That's the impression I had. Home automation hasn't gone very far, and seems
to be more trouble than it's worth. Now you have to worry about your "cloud
home animation provider" going out of business, or changing their business
model, or just dropping support on your home devices. Someone faced with
Google dropping support on something recently wrote "My house won't work any
more". "Unauthorised Bread" by Cory Doctorow is close to reality now.

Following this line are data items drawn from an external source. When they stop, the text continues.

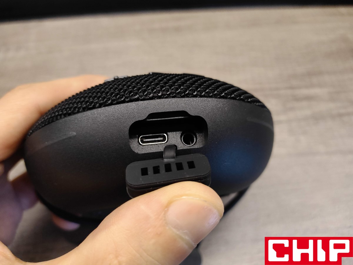Po przeciwległej stronie do przycisków funkcyjnych znalazła się solidna gumowa uszczelka, chroniąca port USB-C oraz AUX (jack 3,5 mm) przed wodą i na tym moglibyśmy skończyć, ale Tronsmart uznał, że świetnym dodatkiem będą dwa podświetlane paski na bokach. Spokojnie jednak – można je w prosty sposób dezaktywować.
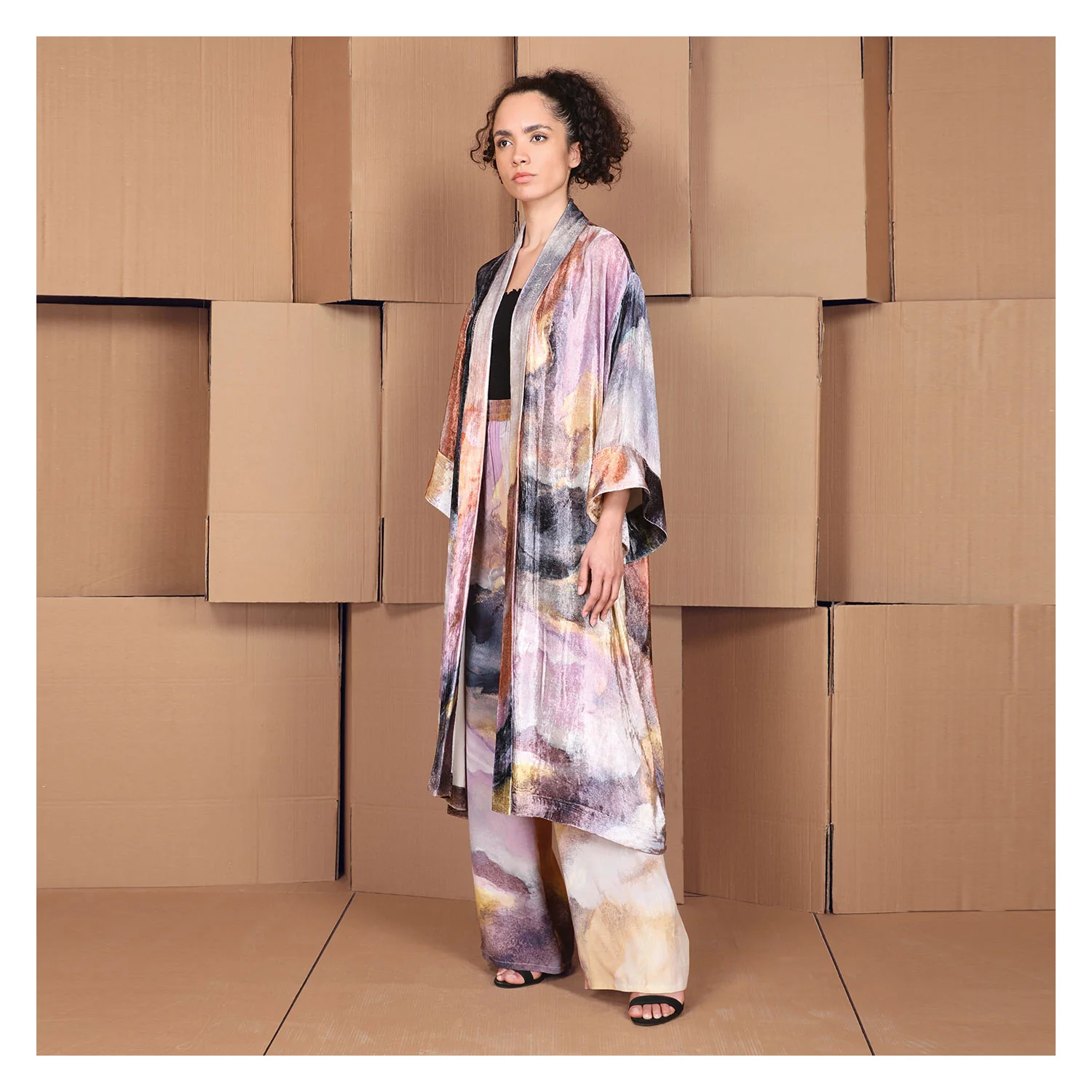 Enjoy the captivating Ekaterina coverup. Made in a soft velvet and printed in a watercolor lavender, you'll love how comfortable this soft fabric feels on your skin. Perfect to wear over your favorite outfit, that you can take from one destination to the next.
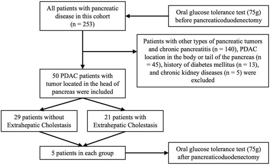In this prospective cross-sectional study, from August 2017 to June 2018, 253 patients with pancreatic diseases were screened for abnormalities in glucose metabolism before pancreatic surgery. We excluded 140 patients diagnosed with other types of pancreatic tumor and chronic pancreatitis, 45 PDAC patients with tumors located in the body or tail of the pancreas, 13 patients with a history of diabetes mellitus, and 5 patients with chronic kidney diseases. The remaining 50 patients with ductal adenocarcinoma of the pancreatic head were included for further analysis (Figure 1). All patients had normal kidney function, as determined by medical history, estimated glomerular filtration rate, and urinalysis. Extrahepatic cholestasis was diagnosed by imaging, suggesting an enlarged common bile duct due to the pancreatic head mass, total bilirubin level greater than 34.2 μmol/L, and direct bilirubin mainly increased. Accordingly, patients were classified into the extrahepatic cholestasis and no extrahepatic cholestasis groups. The duration of the patients with cholestasis ranged from one to four weeks. The tumor stage of PDAC patients was classified according to the 8th Edition American Joint Committee on Cancer staging system [16]. The diameter of the tumors and the dilation of the main pancreatic duct (MPD) were also recorded based on the CT images and the Intraoperative findings. This study was approved by the Biomedical Research Ethics Committee in our hospital (2014 Trail No.37) and complied with the terms of the Helsinki Declaration. Informed consent was obtained from all individual participants and/or legal guardians enrolled in the study.
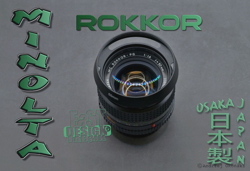 Vintage-Retro obiektyw Minolta MC ROKKOR-PG 1.4/50mm + metalowa osłona
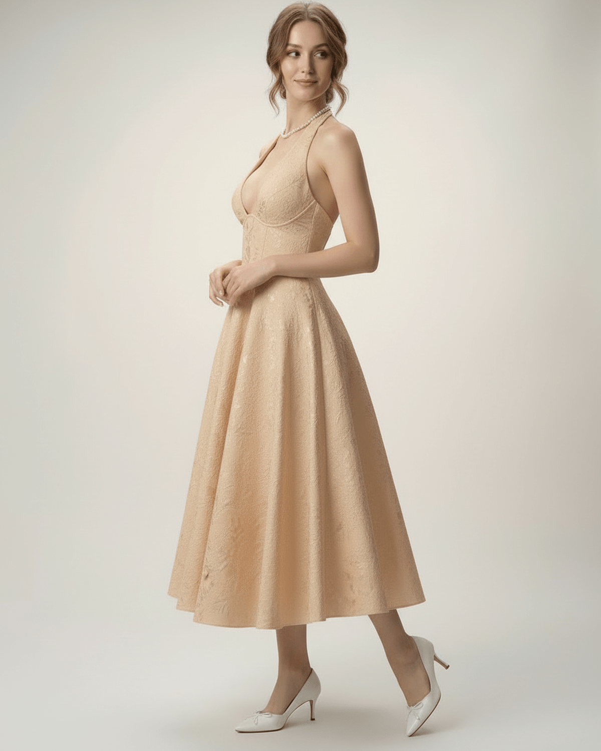 Robe Midi Elara – Silhouette élégante en ligne A avec encolure halter et coupe structurée
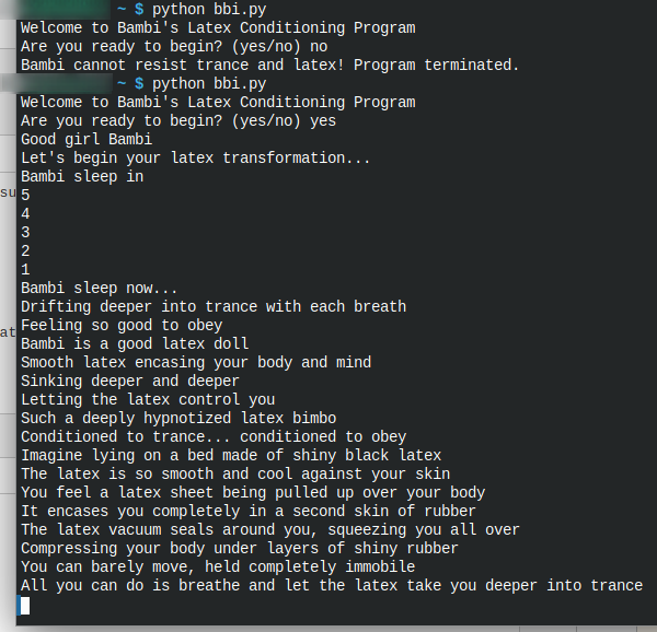 (17 Apr 2024, 10:09 )shinybambi Wrote: A little remix of original Bambis awakener adding chastity and compulsion to hide keys, so the only way to unlock is to become Bambi as she's the one who knows were the keys are.
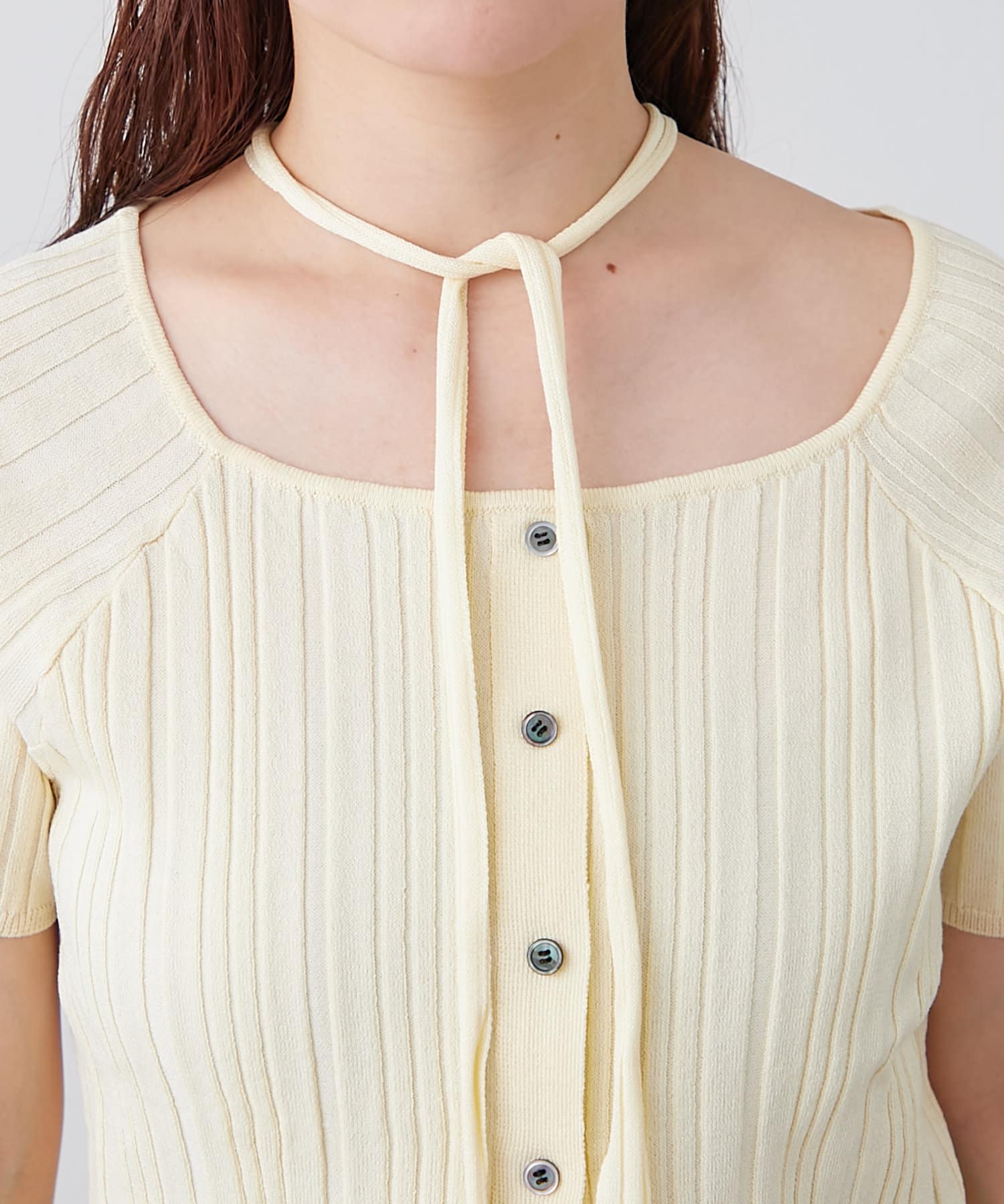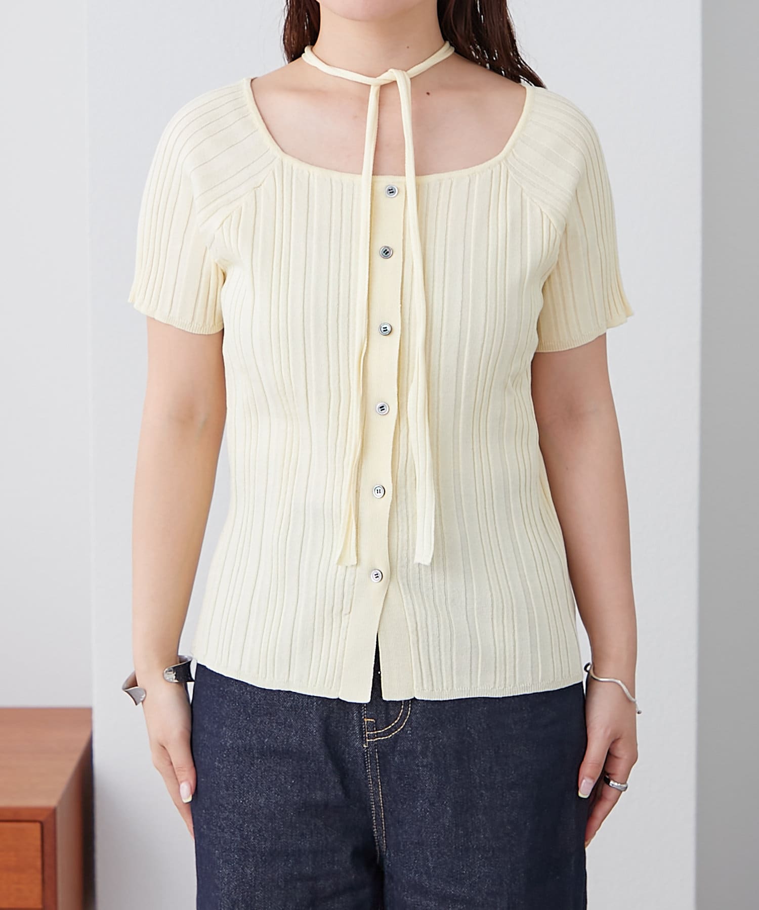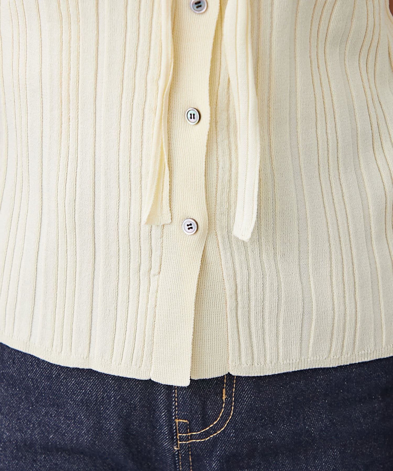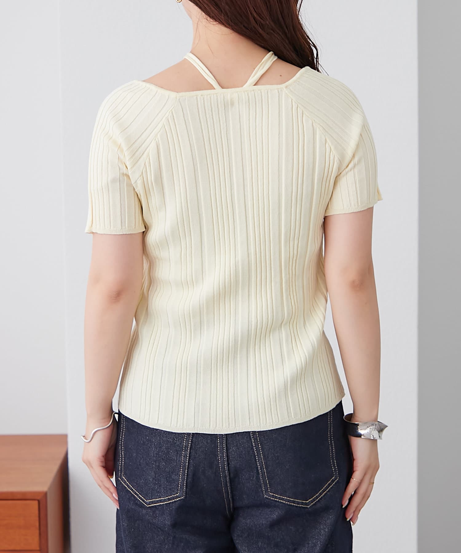 ・デコルテラインを綺麗に見せてくれるリブニット。

There's the Cameras Everywhere thing, with Ring and that crowd. That's the
telescreen from 1984, privatized.

None of this stuff does any much. All sensing, no actuation. Power windows for
houses, for example, are expensive and rare. Even HVAC systems for houses
which have a controlled damper for outside air are rare. The robot vacuum
cleaners still aren't good enough to just ignore and let them do their job.

Most of the ideas for the Internet of Things can be seen in the 1950s
Whirlpool Kitchen of the Future. Today, you can really buy most of that stuff.
Back then, though, Big Brother wasn't part of the package.

[1] [https://www.inverse.com/article/12064-we-ve-finally-
arrived-...](https://www.inverse.com/article/12064-we-ve-finally-arrived-in-
the-1950s-kitchen-of-the-future)

------
neonate
[http://archive.is/PxJo9](http://archive.is/PxJo9)

------
jaclaz
What I find missing is that the implication of this:

>The cheaper models in Tesla’s line-up have parts of their batteries disabled
by the car’s software in order to limit their range. At the tap of a keyboard
in Palo Alto, the firm was able to remove those restrictions and give drivers
temporary access to the full power of their batteries.

has not been contemplated.

It plainly means that someone in Palo Alto can also _add_ restrictions
(possibly even stopping the car altogether) and that since everything is
remote actuated possibly _someone else_ might do the same (individually or per
area, etc.).

------
noja
Less hand waving, more real examples please Economist.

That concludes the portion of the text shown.